Observed read speed for a dd with bs=128 KB: 349 MB/s
Observed read speed for a dd with bs=32 MB (multiple 128KB readv 
requests in parallel): 744 MB/s

* Modify protocol/client to immediately return a buffer of 0's for all 
readv requests (this avoids all RPC/networking code for readv requests).

Observed read speed for bs=128 KB: 428 MB/s
Observed read speed for bs=32 MB: 1530 MB/s

* An iperf reported a speed of 4.7 GB/s

The network layer seems to be adding a high overhead, specially when 
many requests are sent in parallel. This is very bad for disperse.

I think the coordination effort will be similar in the server side with 
current implementation. If we use the leader approach, coordination will 
be much easier/fast in theory. However all communications will be 
directed to a single server. That could make the communications problem 
worse (I haven't tested any of this, though).

The transaction approach was thought with the idea of moving fop sorting 
to the server side, without having to explicitly take locks on the 
client. This would reduce the number of network round-trips and should 
reduce the latency, improving overall performance.
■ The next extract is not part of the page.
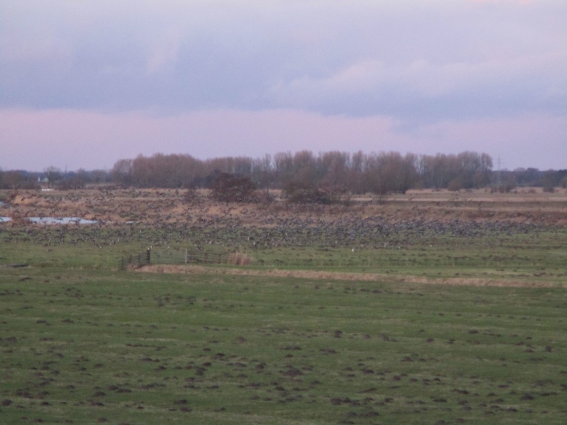 Lärm schräg hinter mir – Tausende Nonnengänse ziehen flach über die Marsch, suchen Nachtruhe offenbar nahe der Vogelstation.
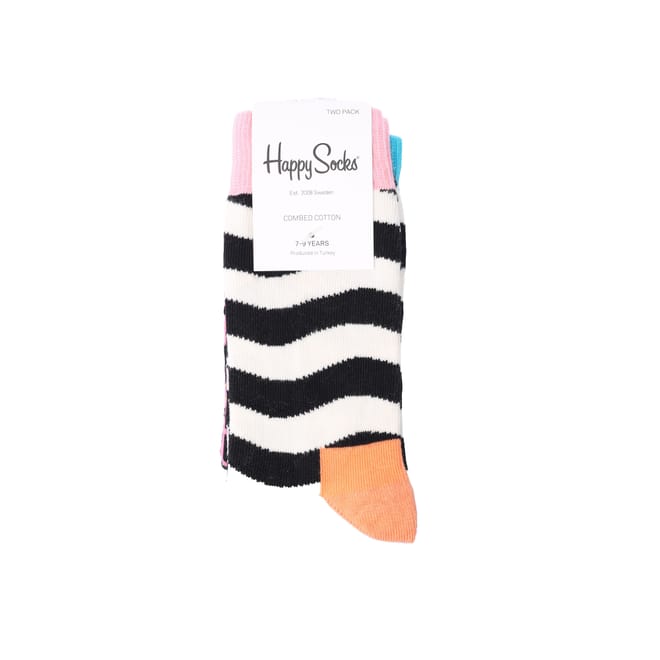 Infants Happ Socks 2 Pack of Wavy Stripe Socks in black.

This should have a perceptible impact in write requests, that currently 
are serialized on the client side. If we move the coordination to the 
server side, the client can send multiple write requests in parallel, 
making better use of the network bandwidth. This also gives the brick 
the opportunity to combine multiple write requests into a single disk 
write. This is specially important for ec, that splits big blocks into 
smaller ones for each brick.

>
> I am curious here w.r.t DHT2, where we are breaking this down into DHT2
> client and server pieces, and on the MDC (metadata cluster), the leader
> brick of DHT2 subvolume is responsible for some actions, like in-memory
> inode locking (say), which would otherwise be a cross subvolume lock
> (costlier).

Unfortunatly I haven't had time to read the details about DHT2 
implementation so I cannot say much here.

>
> We also need transactions when we are going to update 2 different
> objects with contents (simplest example is creating the inode for the
> file and linking its name into the parent directory), IOW when we have a
> composite operation.
>
> The above xaction needs recording, which is a lesser evil when dealing
> with a local brick, but will suffer performance penalties when dealing
> with replication or EC. I am looking at ways where this xaction
> recording can be compounded with the first real operation that needs to
> be performed on the subvolume, but that may not always work.
>
> So what are your thoughts in regard to improving the client side
> coordination problem that you are facing?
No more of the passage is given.